▶ [Work task]
Return exactly the lines of the records below, starting at the line that contains "This handmade porcelain" and ending at the line that contains "6時間目が終了した後、視聴覚", with both of those lines kept.

▶ [Data supplied]

- Opening Delimiter -

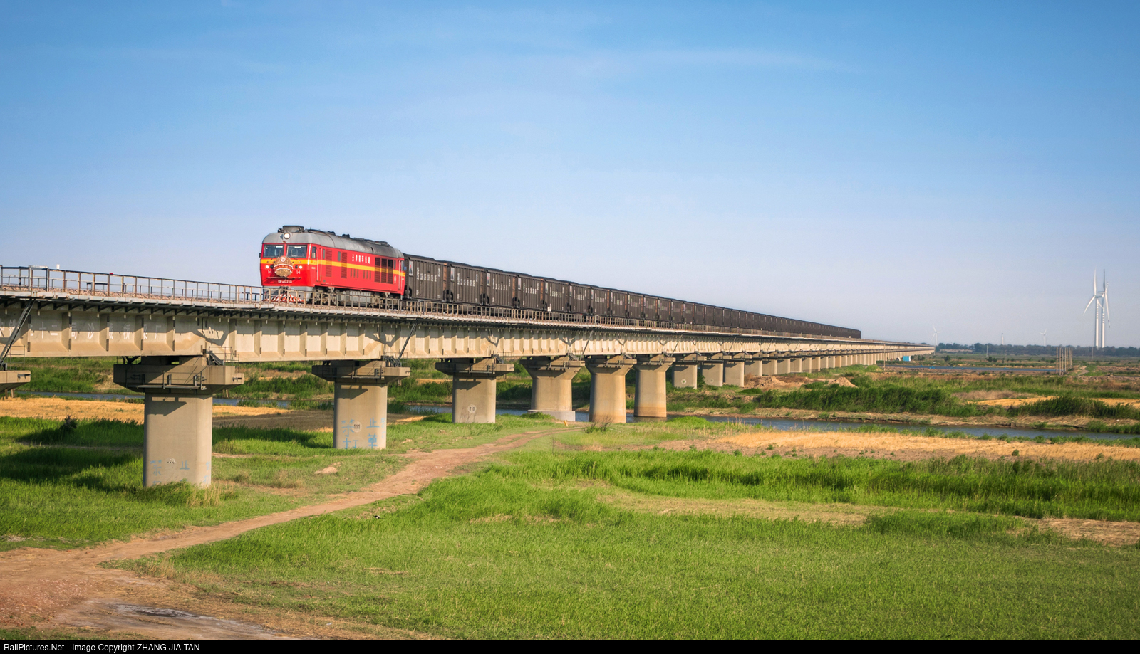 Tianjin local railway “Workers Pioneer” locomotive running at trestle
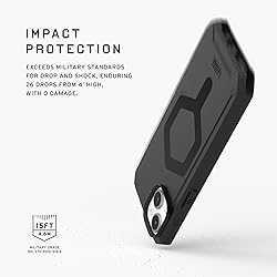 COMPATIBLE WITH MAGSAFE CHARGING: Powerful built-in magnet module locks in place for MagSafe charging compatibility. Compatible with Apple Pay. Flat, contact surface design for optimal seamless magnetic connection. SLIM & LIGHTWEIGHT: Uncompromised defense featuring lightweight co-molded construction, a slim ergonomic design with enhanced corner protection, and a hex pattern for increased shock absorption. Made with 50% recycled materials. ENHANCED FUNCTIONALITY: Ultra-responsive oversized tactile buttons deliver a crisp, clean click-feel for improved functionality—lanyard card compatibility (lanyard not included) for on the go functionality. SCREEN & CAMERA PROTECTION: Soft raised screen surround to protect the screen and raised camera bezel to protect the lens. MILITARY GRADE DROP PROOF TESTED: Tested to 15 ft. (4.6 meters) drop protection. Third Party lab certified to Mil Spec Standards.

- Closing Delimiter -
- Opening Delimiter -

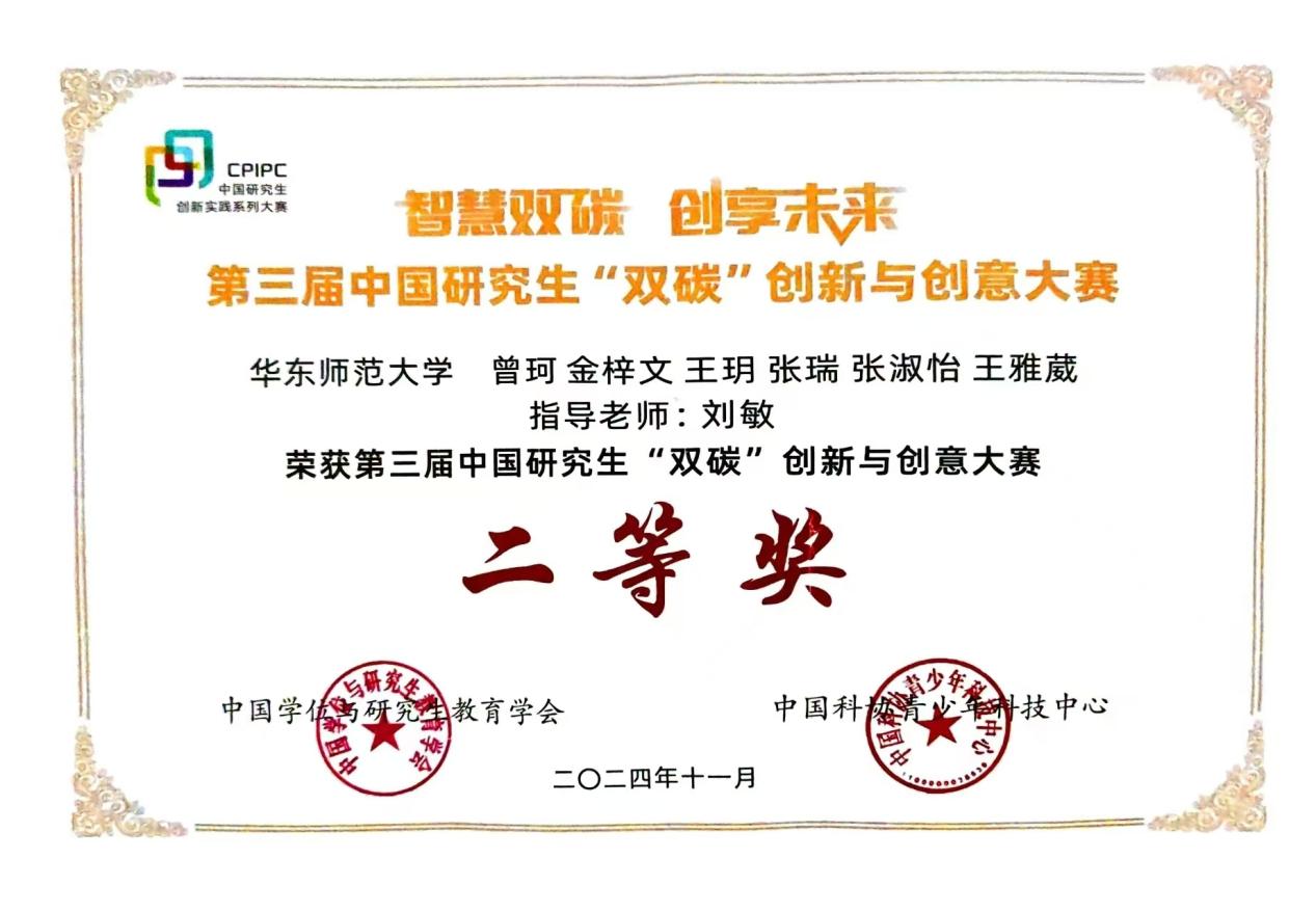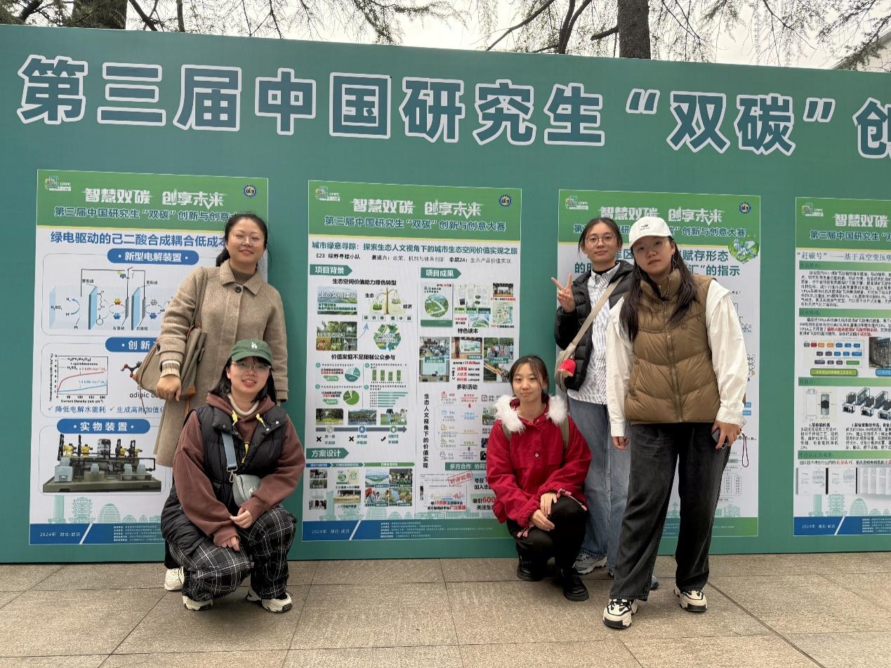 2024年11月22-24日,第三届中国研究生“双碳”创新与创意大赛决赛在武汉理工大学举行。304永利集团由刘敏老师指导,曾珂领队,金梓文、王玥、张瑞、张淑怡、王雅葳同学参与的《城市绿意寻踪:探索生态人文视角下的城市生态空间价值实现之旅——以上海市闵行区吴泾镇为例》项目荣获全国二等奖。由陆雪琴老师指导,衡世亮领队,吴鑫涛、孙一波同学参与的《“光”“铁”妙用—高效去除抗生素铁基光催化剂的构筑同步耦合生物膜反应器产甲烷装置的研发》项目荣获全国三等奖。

- Closing Delimiter -
- Opening Delimiter -

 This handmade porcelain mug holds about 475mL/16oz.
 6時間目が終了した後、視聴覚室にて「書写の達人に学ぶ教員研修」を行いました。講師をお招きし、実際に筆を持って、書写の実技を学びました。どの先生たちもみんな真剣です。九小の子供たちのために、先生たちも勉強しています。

- Closing Delimiter -

▶ [Solution for this problem]
 This handmade porcelain mug holds about 475mL/16oz.
 6時間目が終了した後、視聴覚室にて「書写の達人に学ぶ教員研修」を行いました。講師をお招きし、実際に筆を持って、書写の実技を学びました。どの先生たちもみんな真剣です。九小の子供たちのために、先生たちも勉強しています。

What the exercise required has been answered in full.